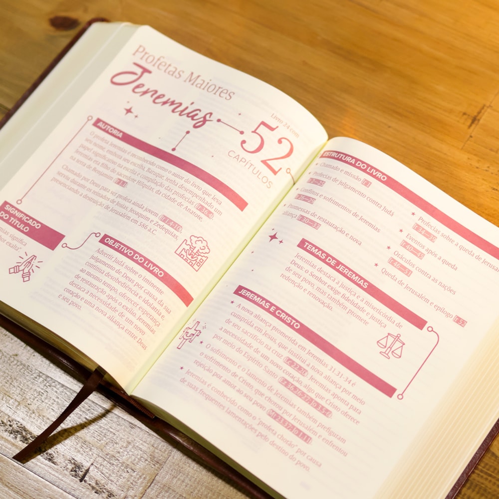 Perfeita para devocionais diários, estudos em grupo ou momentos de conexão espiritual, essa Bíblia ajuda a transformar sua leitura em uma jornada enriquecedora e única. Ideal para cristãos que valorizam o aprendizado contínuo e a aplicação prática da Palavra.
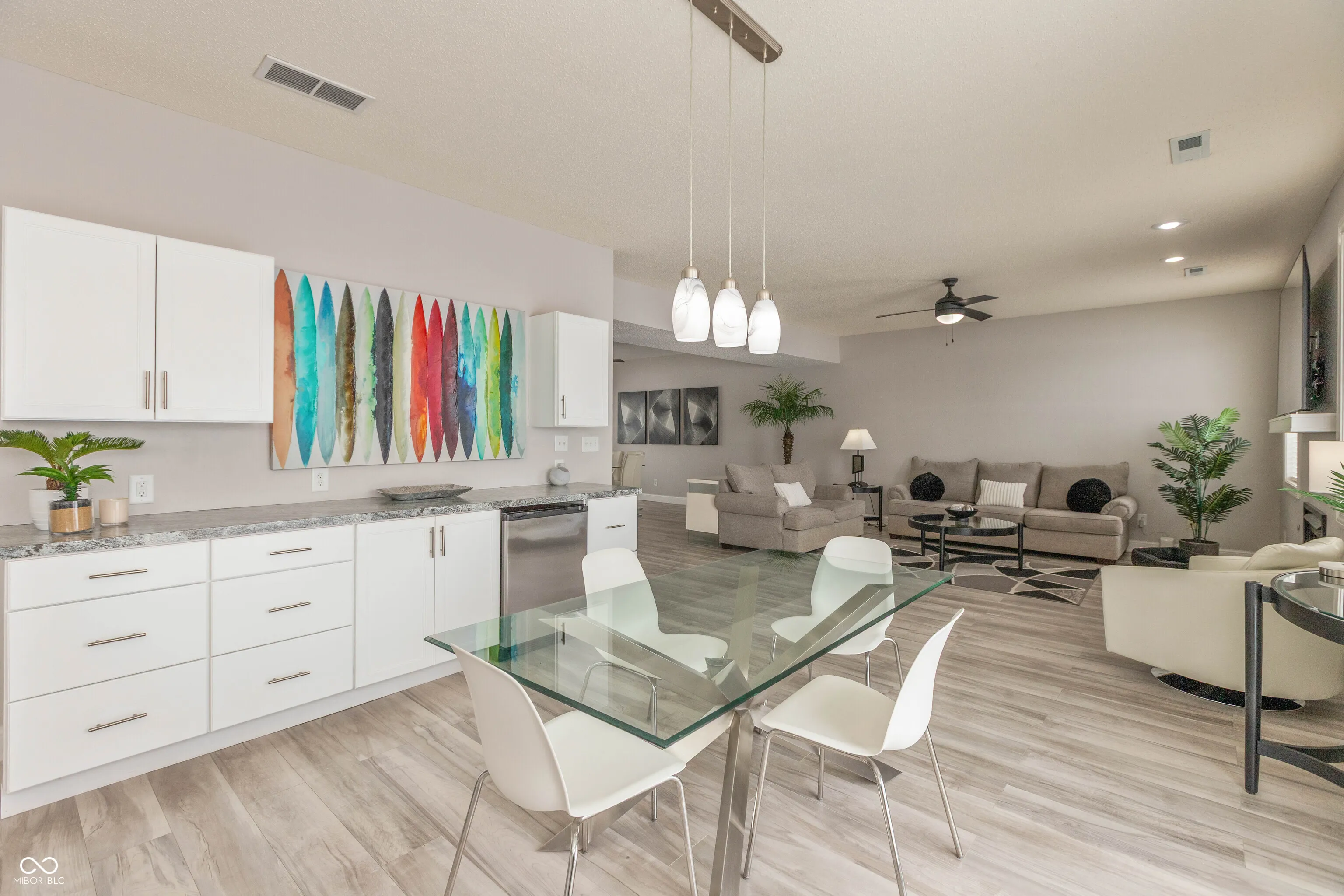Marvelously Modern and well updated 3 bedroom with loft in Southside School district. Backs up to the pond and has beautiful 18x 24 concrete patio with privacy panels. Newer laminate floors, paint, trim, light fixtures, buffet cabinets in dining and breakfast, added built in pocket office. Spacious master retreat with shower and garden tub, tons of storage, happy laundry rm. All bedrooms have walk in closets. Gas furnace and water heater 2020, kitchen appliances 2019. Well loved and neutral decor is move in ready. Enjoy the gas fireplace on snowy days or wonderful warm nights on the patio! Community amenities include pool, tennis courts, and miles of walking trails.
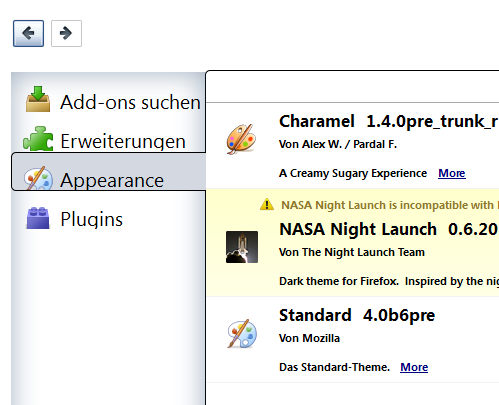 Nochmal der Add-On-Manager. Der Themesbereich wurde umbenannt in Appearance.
...
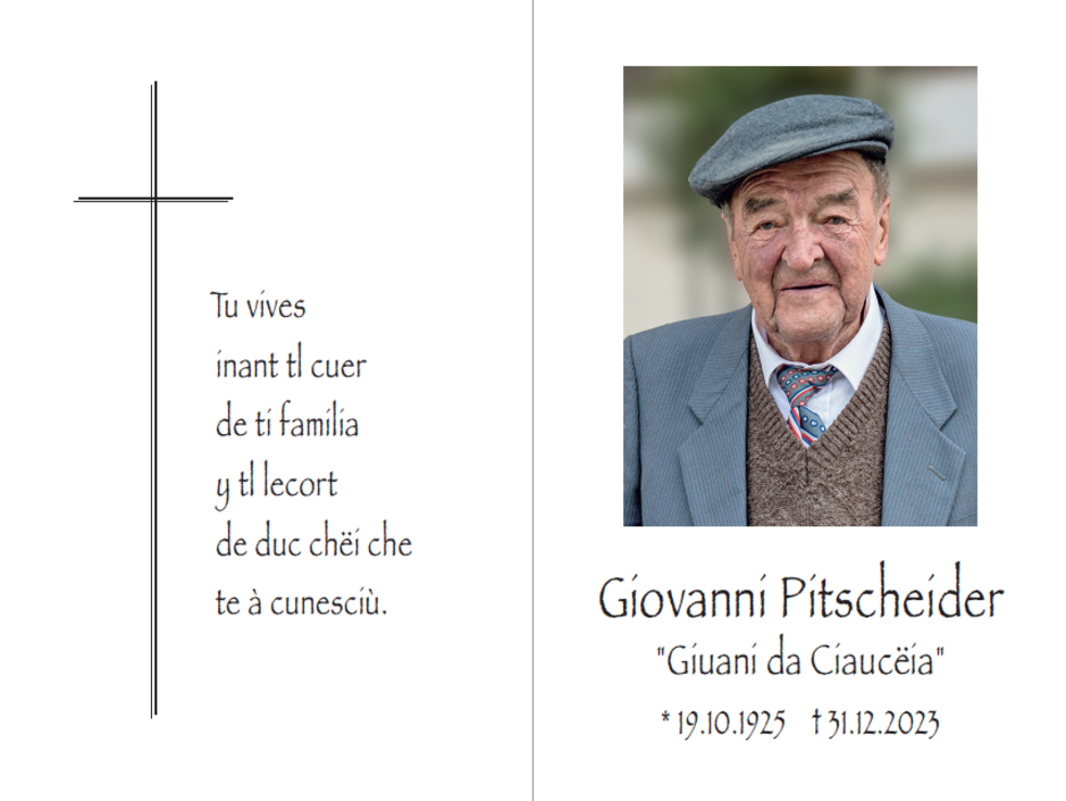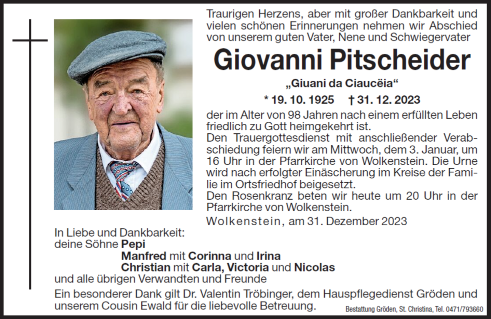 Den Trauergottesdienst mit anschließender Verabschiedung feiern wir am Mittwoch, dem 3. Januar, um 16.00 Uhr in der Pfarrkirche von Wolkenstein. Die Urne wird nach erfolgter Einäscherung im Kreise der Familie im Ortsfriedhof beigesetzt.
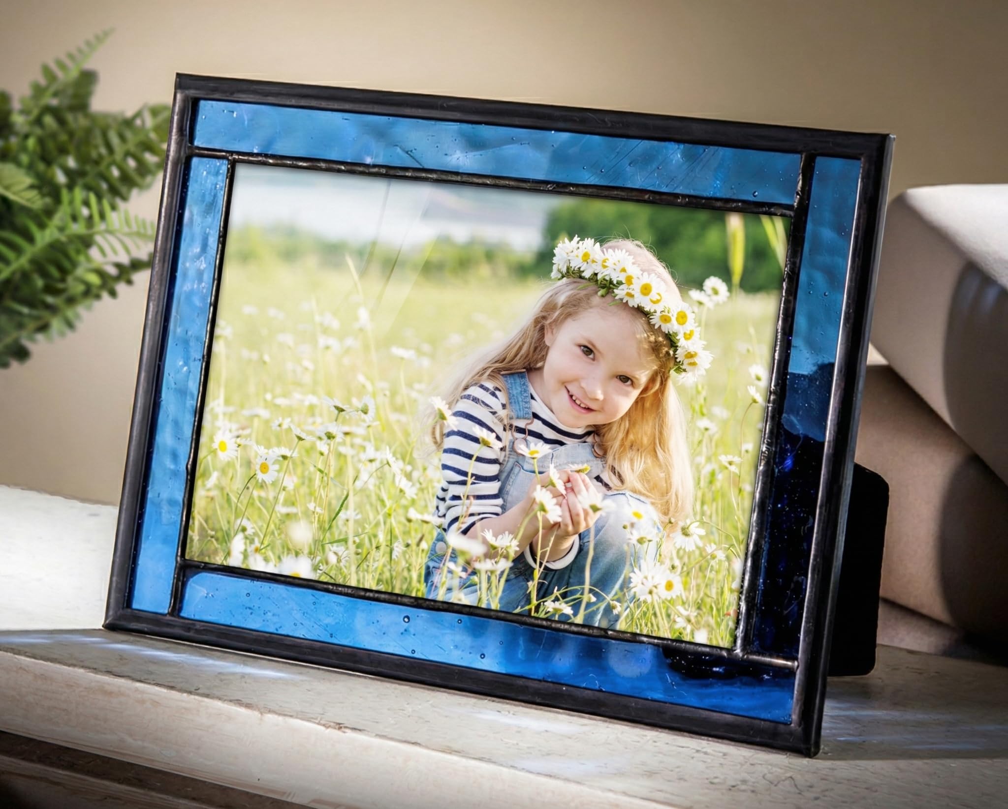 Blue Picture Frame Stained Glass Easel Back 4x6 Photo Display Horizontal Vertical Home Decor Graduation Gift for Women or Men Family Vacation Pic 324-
--
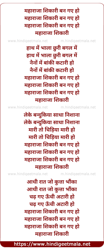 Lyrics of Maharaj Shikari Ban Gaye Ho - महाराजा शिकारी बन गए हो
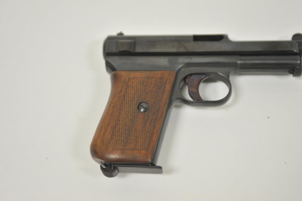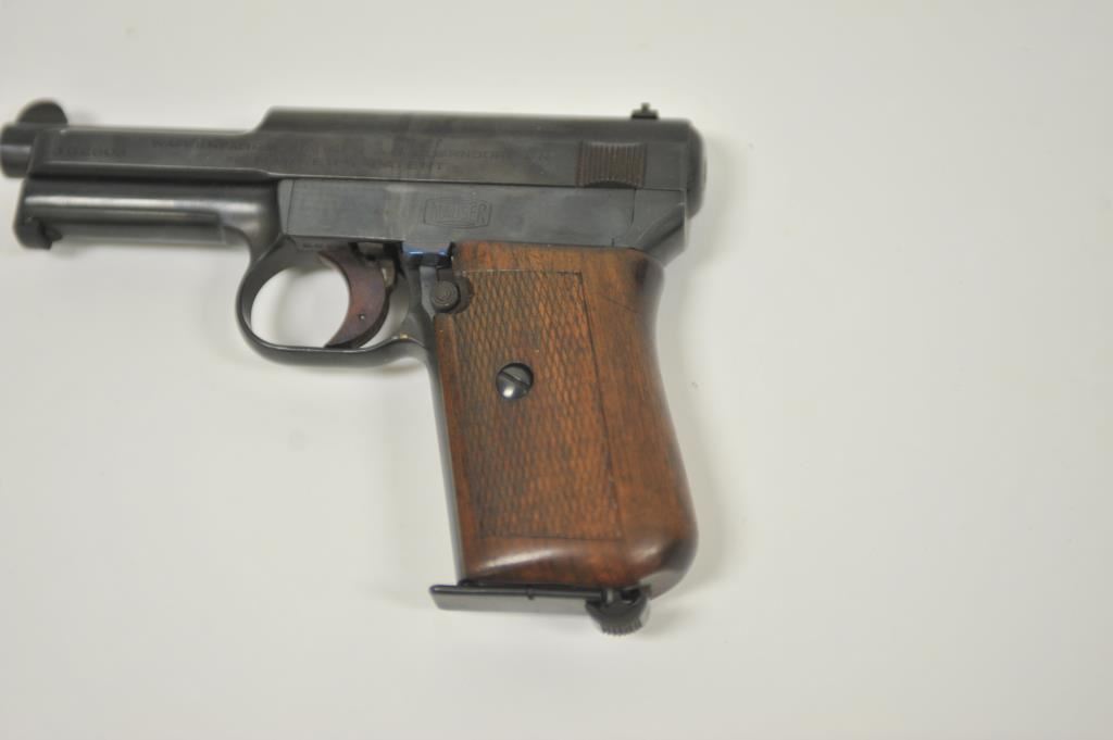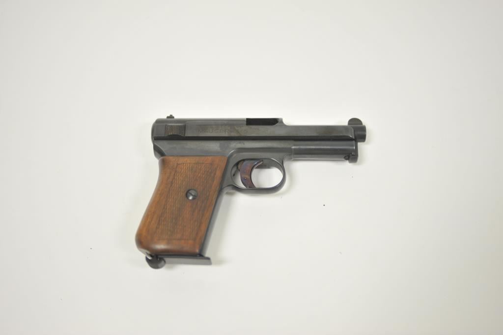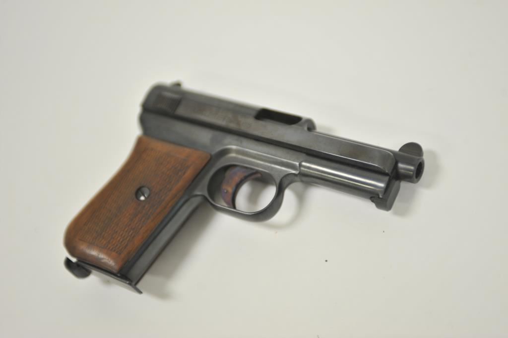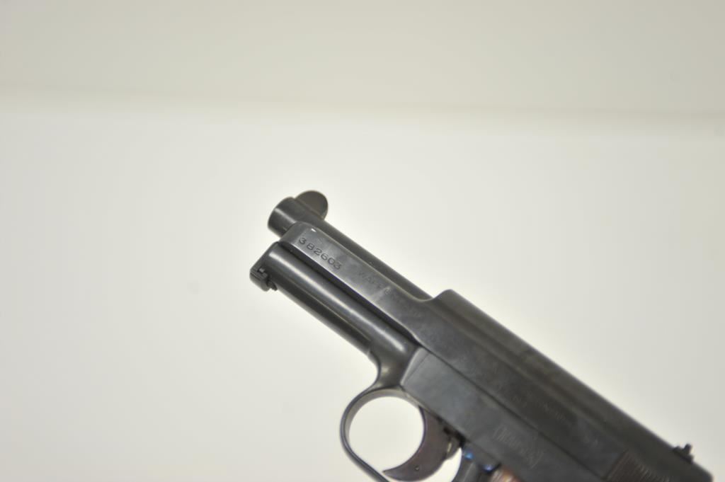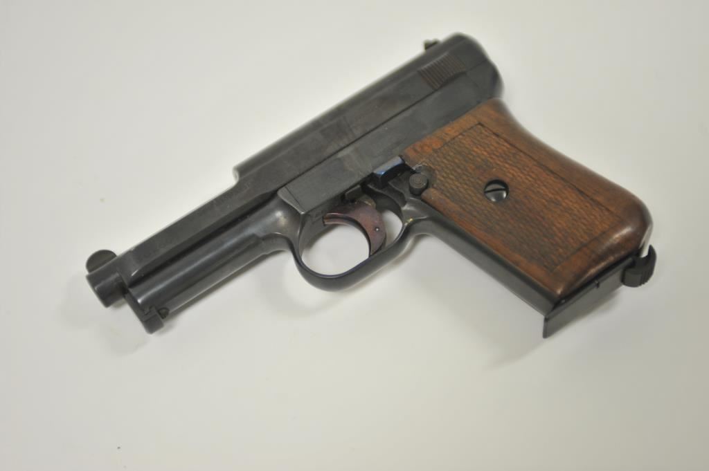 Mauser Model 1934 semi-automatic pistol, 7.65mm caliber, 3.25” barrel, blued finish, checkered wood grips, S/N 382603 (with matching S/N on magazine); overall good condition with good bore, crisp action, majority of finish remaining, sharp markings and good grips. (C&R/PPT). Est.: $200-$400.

## ACTION ITEM
The answer is the lines above from the one with "Marvelously Modern and" to the one with "Nochmal der Add-On-Manager.", set down exactly, with no pictures.

## ANSWER FOR THIS EXERCISE
Marvelously Modern and well updated 3 bedroom with loft in Southside School district. Backs up to the pond and has beautiful 18x 24 concrete patio with privacy panels. Newer laminate floors, paint, trim, light fixtures, buffet cabinets in dining and breakfast, added built in pocket office. Spacious master retreat with shower and garden tub, tons of storage, happy laundry rm. All bedrooms have walk in closets. Gas furnace and water heater 2020, kitchen appliances 2019. Well loved and neutral decor is move in ready. Enjoy the gas fireplace on snowy days or wonderful warm nights on the patio! Community amenities include pool, tennis courts, and miles of walking trails.
 Nochmal der Add-On-Manager. Der Themesbereich wurde umbenannt in Appearance.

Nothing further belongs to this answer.